In a groundbreaking study by a research team from Google and the University of Washington presented at ACL2023, the authors introduced “Distilling Step-by-Step,” a novel mechanism designed to mitigate the trade-off between model size and the price of knowledge collection. This modern approach hinges on extracting informative natural language rationales, or intermediate reasoning steps, from LLMs. These rationales function additional, richer supervision in training smaller task-specific models alongside standard task labels.

The researchers outline a two-stage process for implementing Distilling Step-by-Step. First, they employ CoT prompting to extract rationales from an LLM, enabling the model to generate rationales for unseen inputs. Subsequently, these rationales are integrated into the training of small models using a multi-task learning framework, with task prefixes guiding the model’s differentiation between label prediction and rationale generation.

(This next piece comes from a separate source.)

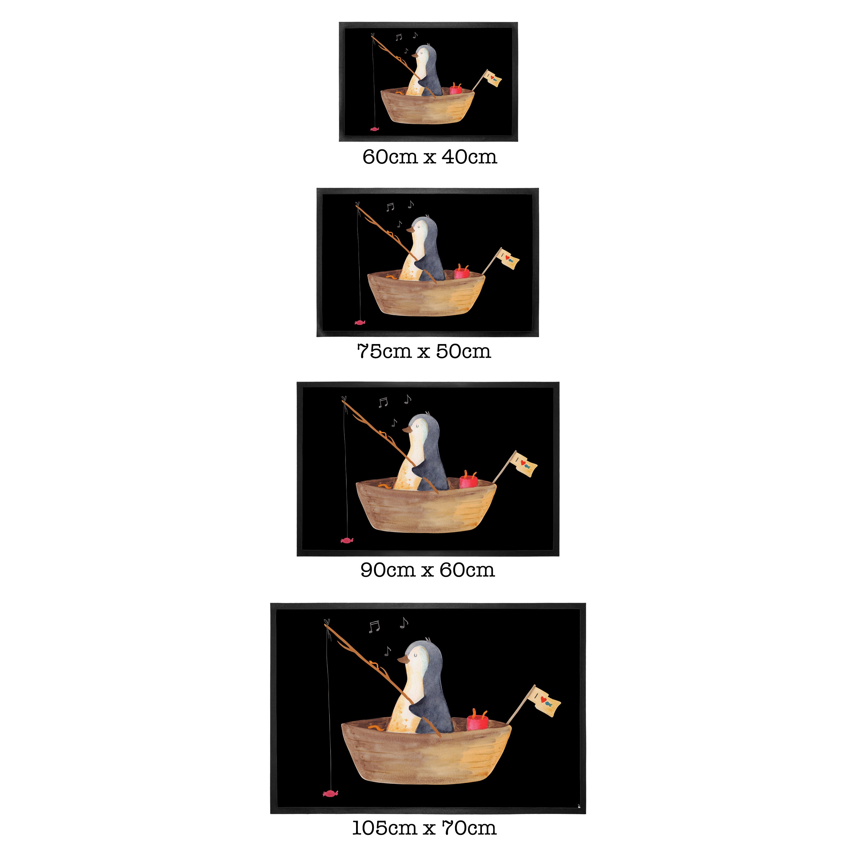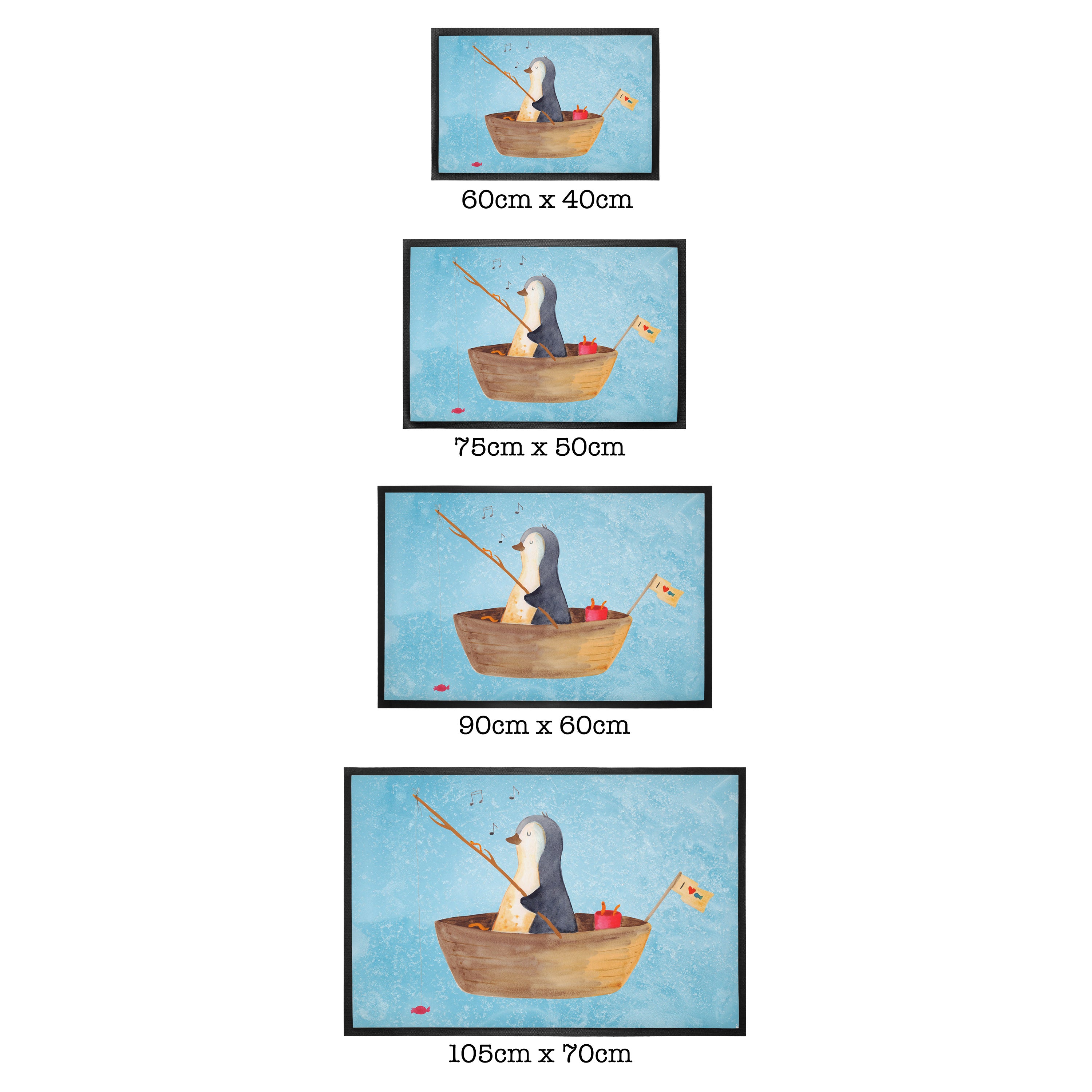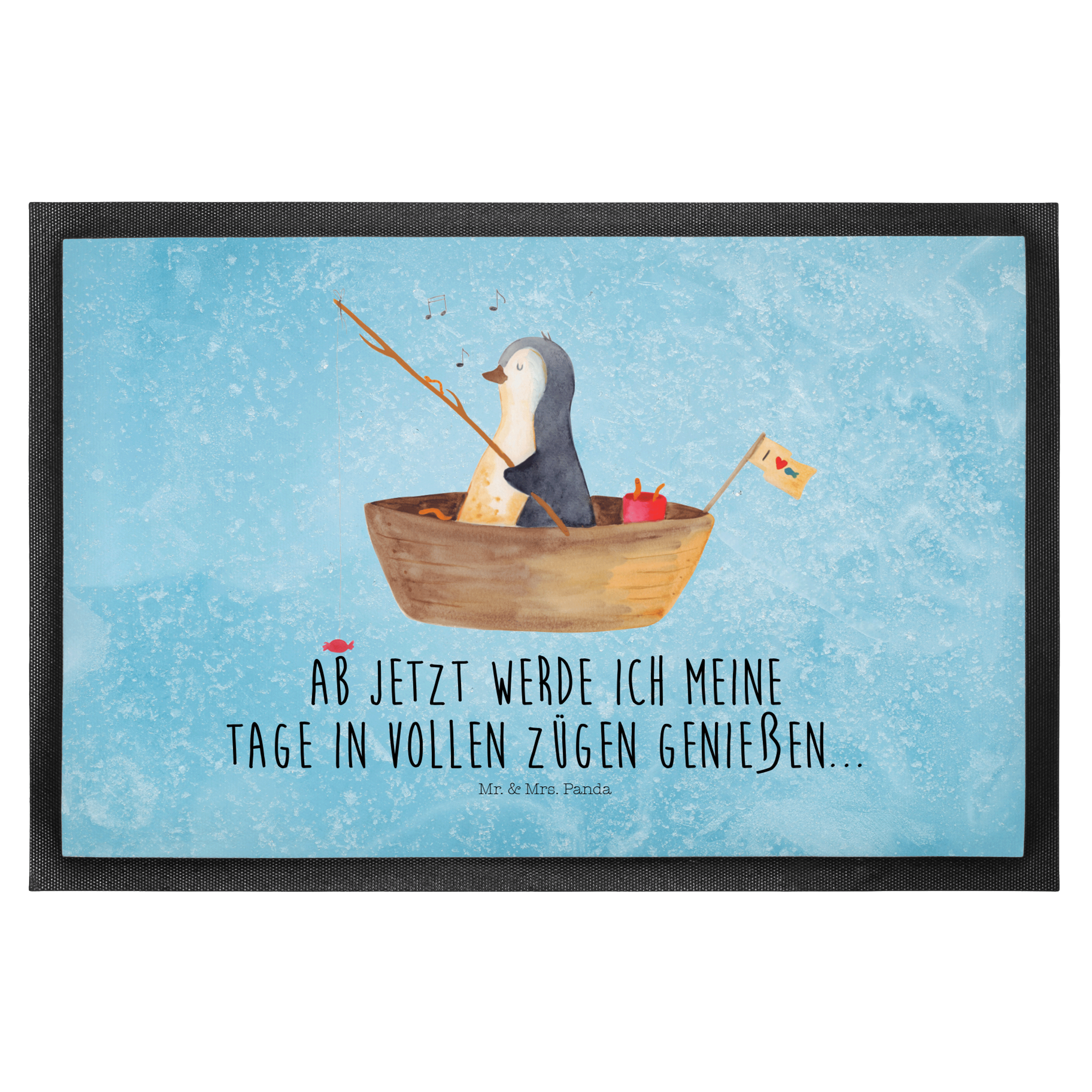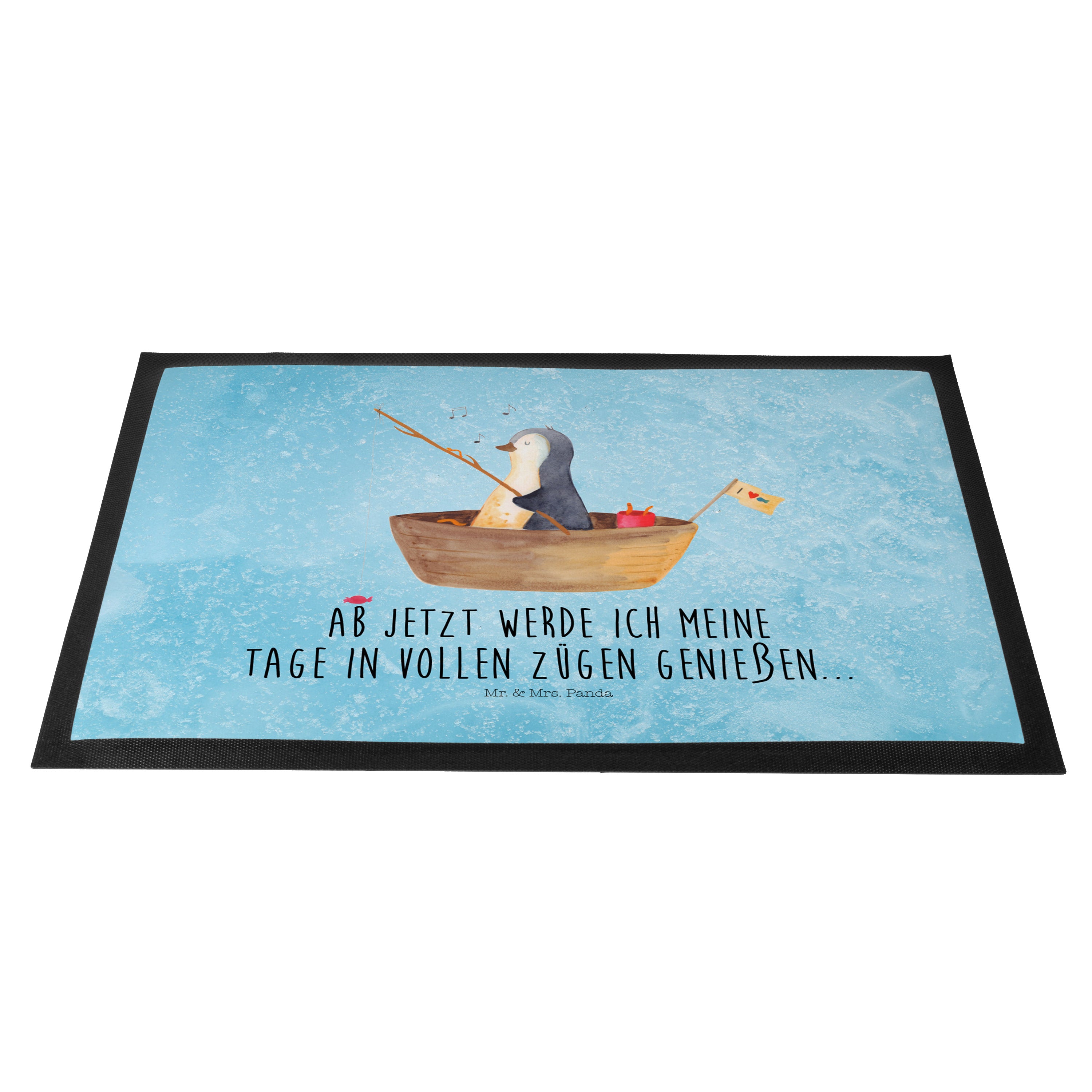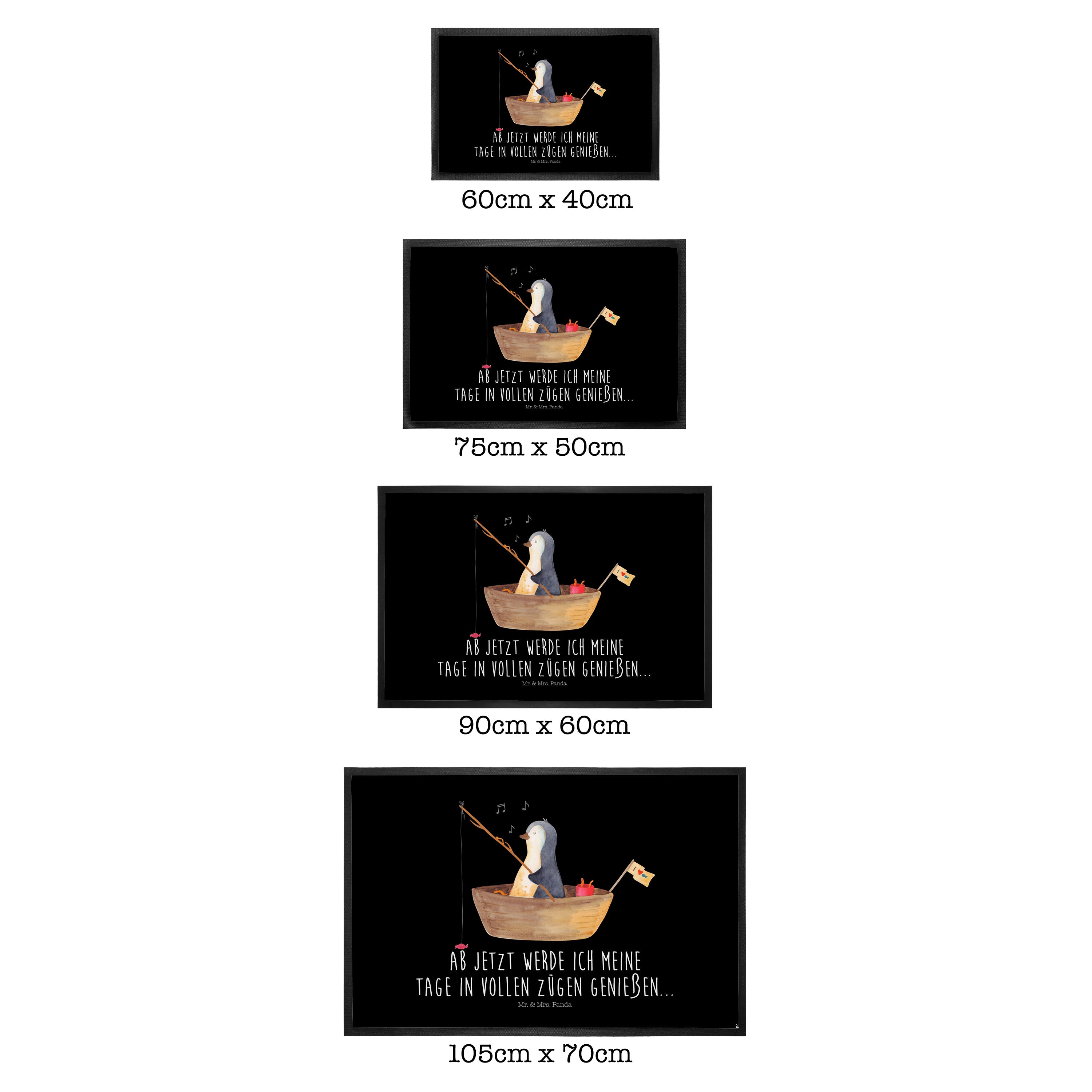 Fußmatte Pinguin Angelboot - 60 x 90 cm - mit Spruch - Kreidetafel

In a series of experiments, a 540B parameter LLM was utilized, together with T5 models for task-specific downstream tasks. Distilling Step-by-Step exhibited remarkable performance gains with significantly reduced data requirements. For example, on the e-SNLI dataset, the tactic outperformed standard fine-tuning with just 12.5% of the complete dataset. Similar reductions in dataset size were observed across various NLP tasks, including ANLI, CQA, and SVAMP.

Moreover, Distilling Step-by-Step achieved superior performance using considerably smaller model sizes in comparison with few-shot CoT-prompted LLMs. For example, on the e-SNLI dataset, a 220M T5 model surpassed the performance of a 540B PaLM. On ANLI, a 770M T5 model outperformed a 540B PaLM by over 700 times, demonstrating the immense potential for efficiency gains.

Notably, Distilling Step-by-Step showcased its ability to outperform few-shot LLMs using significantly smaller models and fewer data. For example, on ANLI, a 770M T5 model surpassed the performance of a 540B PaLM using only 80% of the complete dataset, a feat unattainable through standard fine-tuning.

In conclusion, Distilling Step-by-Step presents a groundbreaking paradigm for training small, task-specific models. By extracting rationales from LLMs, this approach not only reduces the info required for model training but additionally enables using significantly smaller models. This modern technique stands to revolutionize the sphere of natural language processing, making advanced language models more accessible and practical for a broader range of applications.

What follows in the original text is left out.